Met betrekking tot de verzekering (de D&O-polis)
Op 3 oktober 2007 is door ABN AMRO Holding N.V. (tegenwoordig bekend als RBS Holdings N.V., hierna: RBS Holdings) de BusinessGuard Directors & Officers-verzekeringpolis met nummer 30.92.0592 (hierna: de polis) afgesloten bij AIG Europe (Netherlands) N.V., één van de voorgangers van AIG. De polis, met als ingangsdatum 1 oktober 2007, was mede ten behoeve van de dochterondernemingen van RBS Holdings afgesloten. RBS Australia is van mening dat het door haar betaalde schikkingsbedrag en de kosten die zij in verband met de [persoon A] -procedure heeft moeten maken onder de polis zijn gedekt. RBS Australia was namelijk ten tijde van de uitgifte van de prospectus, op 21 juni 2006, een (indirecte) dochteronderneming van de verzekeringnemer, RBS Holdings. The Royal Bank of Scotland plc (RBS plc), een moedervennootschap van RBS Holdings en daarmee een indirecte moedervennootschap van RBS Australia, heeft namens RBS Holdings als verzekeringsnemer en/of RBS Australia als verzekerde verschillende - tijdige - meldingen gedaan onder de polis en aanspraak gemaakt op dekking onder de zogenaamde
securities claims entity coverage, zoals neergelegd in Endorsement 9 van de polis.
[Endorsement heeft hier als betekenis ‘polisaanhangsel’;RECHTBANK
.]Zo is AIG op 24 juni 2013 op de hoogte gesteld dat RBS Australia door AECOM in de [persoon A] - procedure was betrokken. Daarnaast heeft RBS Plc op 4 oktober 2013 een e-mail gestuurd aan AIG met verschillende bijlagen, waarin verschillende meldingen onder de polis worden gemaakt of aangevuld. AIG heeft vervolgens dekking afgewezen. Vanaf 13 juli 2016 kon RBS Australia haar aanspraak onder de polis geldend maken en had zij een opeisbare vordering jegens AIG. AIG heeft dus in het verleden ten onrechte dekking onder de polis geweigerd. Hiermee is AIG tekortgeschoten in de verplichtingen uit de verzekeringsovereenkomst. RBS Australia maakt in totaal aanspraak op betaling door AIG van een bedrag van AUD 7.413.549,--. Dit bedrag bestaat uit de uitkering onder de polis vermeerderd met de koerswijzigingsschade.
Met betrekking tot de bevoegdheid van deze rechtbank
Deze rechtbank is bevoegd op grond van artikel 10 juncto artikel 7 lid 5 Brussel I bis. In artikel 5.8 van de algemene polisvoorwaarden is een arbitraal beding opgenomen. Dit brengt echter niet met zich mee dat de rechtbank niet bevoegd is om van de vorderingen van RBS Australia kennis te nemen. Tussen RBS Australia en AIG is namelijk geen overeenkomst tot arbitrage tot stand gekomen. Immers, een arbitraal beding heeft – gelet op artikel 1021 Rv – pas gelding indien het beding door de wederpartij is aanvaard. RBS Australia heeft het arbitragebeding niet aanvaard en heeft bovendien geen afstand gedaan van haar recht op toegang tot een overheidsrechter.
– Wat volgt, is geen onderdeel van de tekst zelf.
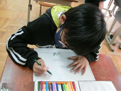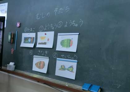 若草学級 生活科・理科の学習1 公開日 2020/10/30 更新日 2020/10/30 若草学級 【はらぺこあおむし】のお話を読んだ後,昆虫の成長の様子について学習しました。 『ようちゅう』や『さなぎ』の言葉を覚えました。 寒くなってきて,虫の姿は少なくなってきましたが,今日,若草学級の前に小さなショウリョウバッタを見つけました。細い体でとても寒そうに見えました。そっと,花壇に逃がしてあげました。
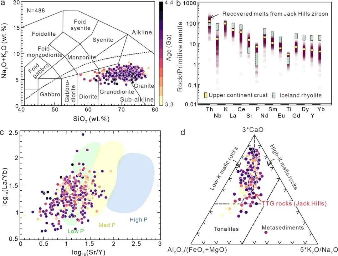 该研究首次系统性地重建了冥古宙陆壳的“岩石”组成,并探讨了其形成机制。通过机器学习方法,揭示了Jack Hills碎屑锆石所代表母岩浆的地球化学特征,恢复了多种传统方法难以准确定量的主量和微量元素组成信息(如SiO2, Na2O, K2O, Al2O3,Sr/Y比值等)。结果显示,冥古宙大陆地壳主要由低至中压的TTG岩石和富钾花岗岩组成。这些岩石主要源于汇聚增厚环境下低钾和高钾镁铁质原始地壳的部分熔融。该研究不仅填补了冥古宙大陆地壳“岩石记录”的空白,也为早期地球动力学演化提供了重要约束。
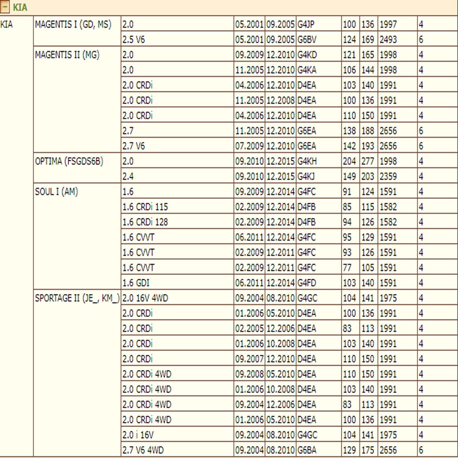 ✔ KIA MAGENTIS I (GD, MS)
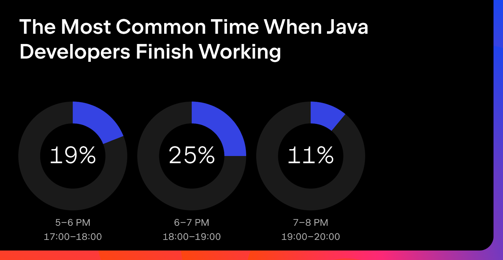 조사 결과에 따르면, 대부분의 개발자는 저녁 일찍 일을 마치지만, 무려 16%는 밤늦게까지(22:00 이후) 일하는데, 이는 건강한 일과 삶의 균형을 망칠 수 있습니다.
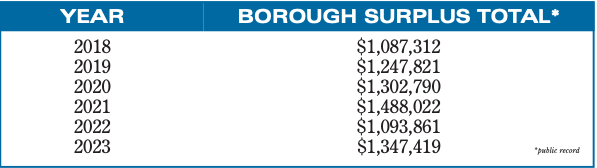 In reviewing the borough’s surplus numbers across previous years, there are no discrepancies that indicate surplus set aside for 2023 disappeared. In fact, in 2023, the borough’s surplus funds were the second highest since 2018. In 2022 the account held $1,093,861, while in 2023 it grew to $1,347,319 – about $260,000 higher than its 2018 figure.
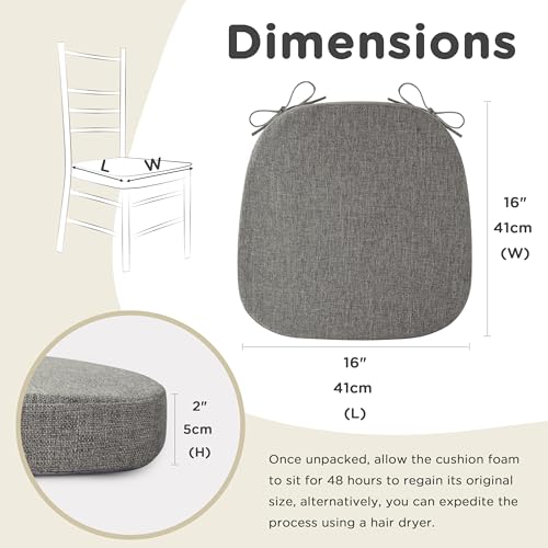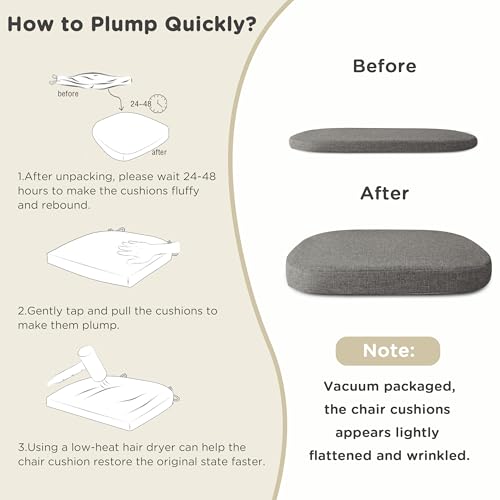 - Refined Fit Design: Featuring a contoured D-Shape, these 16"L x 16"W x 2"H thick kitchen chair cushions suit most chairs in dining rooms, kitchens, bedrooms, and living spaces. Arriving vacuum-sealed, they fully expand within 48 hours—allow foam to rebound for optimal comfort.
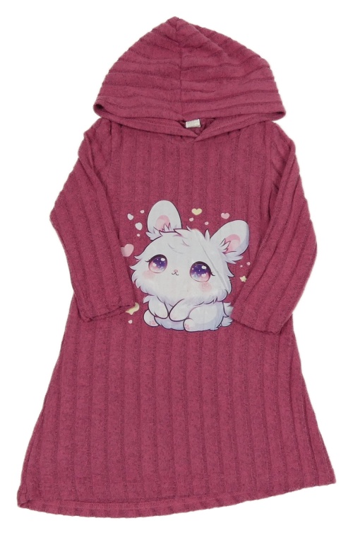 Tmavoružové úpletové rebrované šaty s mačkou a kapucňou
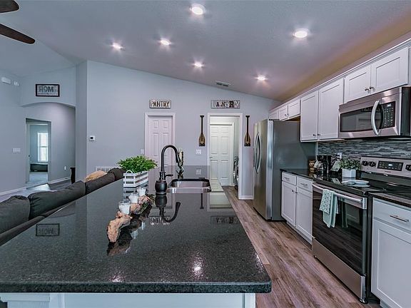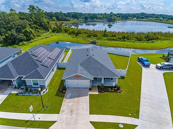 BACK ON MARKET!! BUYER FINANCING FELL THROUGH! APPRAISED ABOVE LIST PRICE! THIS Brand-new Almost! Built in 2020 this Highland Parker model home is designed for the buyer that is looking for upgrades without the wait! This seller took all the extras every buyer would want! As you walk through the upgraded all Glass Front Door you will notice an open living area with volume ceilings and a gathering room every family member will love and your visitors will never want to leave! Next you will notice the KITCHEN! Hold your breath this is everything you would design yourself: Pearl granite kitchen counters, cafe/nook, counter-height bar, shaker-style cabinets, stainless steel under mount sink, stainless steel smooth-top range, over-the-range microwave, quiet-operation dishwasher. And a Walk-In Pantry that makes any "club member shopper" salivate!. Lead past the dining area and you will find your upgraded French doors with incase blinds leading you to your outdoor living on your screened Lanai . The owners retreat, well, hold the phone: garden bathtub WITH jacuzzi jets, a walk-in wardrobe, dual vanities, a decorative tiled shower, and a convenient linen stack. 3 other large bedrooms for all your guests that will never want to leave! Convenient drop zone from the garage and inside laundry room. Speaking of the Garage, the sellers added the Pull down ladder so you don't have to. For your Florida lifestyle outside, the sellers added : vinyl 6 ft fence with LED lights on caps on sides and aluminum 5 ft fence on back so you can enjoy your water view and Florida friendly landscaping with an irrigation system. Other upgrades and features are: Bronze hardware throughout the whole house, energy-efficient R-30 insulation, foam-injected block insulation, double-pane Low-E windows, and a programmable thermostat. Energy-efficient LED recessed lighting, Mohawk stain-resistant carpet Custom-fit 2faux wood window blinds. *buyer to verify new taxes with county*

3.Het geschil in het bevoegdheidsincident

3.1.
AIG vordert dat de rechtbank zich onbevoegd verklaart van de vordering van RBS Australia kennis te nemen, met veroordeling van RBS Australia in de proceskosten.
3.2.
RBS Australia voert verweer en concludeert tot afwijzing van de vordering van AIG, met veroordeling van AIG bij vonnis uitvoerbaar bij voorraad in de proceskosten, inclusief de nakosten, van het bevoegdheidsincident, te vermeerderen met de wettelijke rente vanaf 14 dagen na de datum van het in dezen te wijzen vonnis, indien de proces- en nakosten binnen die termijn niet zijn betaald.
3.3.
Op de stellingen van partijen wordt hierna, voor zover van belang, nader ingegaan.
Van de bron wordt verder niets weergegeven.